The verdi job worker that manages the PGE will look for "_alt_error.txt
" file and if it exists will propagate that as the short-error to Mozart figaro/ES to operators and for automated behavior via trigger rules. If file "_alt_traceback.txt
" exists, it will propagate that as the full stack trace error.
See the following:
- overwrite error if _alt_error.txt was dumped
- overwrite traceback if _alt_traceback.txt was dumped
Notes from Matt Perry at ASF:
You could try increasing your multipart chunk size in your boto3 TransferConfig setup
you could be hitting the s3 api too much.
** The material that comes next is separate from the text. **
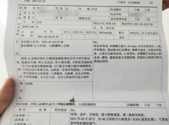 28日早晨7时38分,救护车将李女士送达省人民医院。李某某说,到了省人民医院不久,医生就下了病危通知书。省人民医院的急诊病历显示,李女士意识障碍12小时余、心跳骤停1分钟。病历上“现病史”一栏写着:患者12小时前外院行右侧面部脂肪填充后半小时开始出现意识不清,呼之无反应,伴小便失禁,立即送当地医院行CTA检查诊断脑栓塞,CT提示右侧大脑半球脑梗死, 予相关治疗效果欠佳,为求进一步诊疗转我院;初步诊断:呼吸心跳骤停,脑卒中呼吸心跳集育、大面积脑梗死。

I think there is rate limits there..
Default Rate Limits: Amazon S3 has default rate limits for each prefix in a bucket. The limits are:
PUT/COPY/POST/DELETE: at least 3,500 requests per second
GET/HEAD: at least 5,500 requests per second
Although id expect you would see 429 ERRORs if that was the case
We have found that a 128MB multipart chunk size works well for us.